For Mahan, ambition--he refers to it as a life "scripted" by the world--is not something to be taken lightly. Even the notion that it can be harnessed is dangerous, for it is both powerful and subtle, and its primary danger is not that it will overwhelm us so much as that it will distract us from what is important.

There is an abundance of examples. Mahan ranges from William James to the protagonist of Tolstoy's The Death of Ivan Ilyich to Watergate figure John Dean to demonstrate the nature of ambition and how we rationalize it. Yet his approach is heuristic rather than prescriptive. Instead of presenting a manual on how to avoid ambition, Mahan leads us through these test cases, posing questions and providing exercises along the way to help us discover for ourselves what all this might mean in our lives.

He uses a hilarious passage from Walker Percy's Lost in the Cosmos to illustrate how the attachments and preoccupations of socially successful people, and the jealousy they can provoke, limit our capacity for compassion. Mahan writes, "Percy is neither celebrating nor condemning the dark impulses of the human heart already unearthed for us by Merton and Tolstoy; he is simply inviting us to do what they did: catch them, study them, and by way of indirection move past them. He is pointing to the secret fountains and gardens of our inner life; he is flushing them out of their hiding place; and he is teasing us, good-naturedly enough, into admitting how we've often provided them with cover and a credible alibi."

Rather than trying to deny or repress the ambition that lurks within us, Mahan suggests that it can be "transmuted" into vocation, in which we are used in service to the world. Ambition, in his scheme, is the "raw material" of vocation, and it is refined through the process of studying it. Mahan suggests that what he calls "formative remembering" is the means by which ambition can be transmuted into vocation. By this he means "our intentional, ritualized, and repeated attempts" to "remember and resist"--remember those times when we have forgotten our self-interest while in the service of compassion, and resist the temptations of our culture to place self-interest ahead of everything else. He quotes with approval Frederick Buechner's famous definition of vocation: "The place God calls you to is the place where your deep gladness and the world's deep hunger meet."

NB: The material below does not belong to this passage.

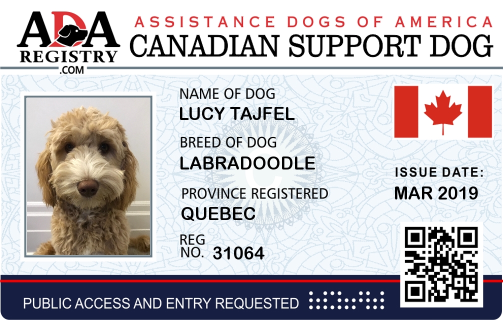 Emotional Support Dog Registration for Lucy Tajfel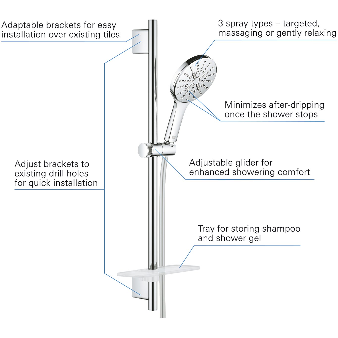Grohe rainshower smartactive 130 dusjsett 3-spray krom

Forgetting Ourselves on Purpose is not without its weaknesses. At times Mahan's approach seems too inductive. In his desire not to be moralistic or directive, he too often questions his own arguments. One longs for at least a touch of Hewitt's imperiousness. It is also not always entirely clear for whom the book is intended. Mahan occasionally lapses into an academic style that suggests he has let his (self-acknowledged) ambition to be taken seriously get the better of him. And though he writes mostly as a confessional Christian, he sometimes appears to be aiming at a secular audience, perhaps the result of his having taught at a public university. But these are minor complaints. In the face of unrelenting counsel on all sides urging us to indulge our desires for money and influence, it is bracing to hear Mahan telling us to question these desires.

Pretending that we don't have ambitions is useless, and often, like James and John, we have to find out the hard way what Jesus thinks of them. Hewitt would try to put a Christian bridle on them and ride like the wind. Brian Mahan would have us examine them, recognize them for the dangers they are and let God refine them into something more noble and fit for his service. Following Hewitt's script might get you elected anything from bishop to president. Mahan's approach is more profound, more clear-eyed about our true natures and therefore more courageous. It looks a lot more like the gospel.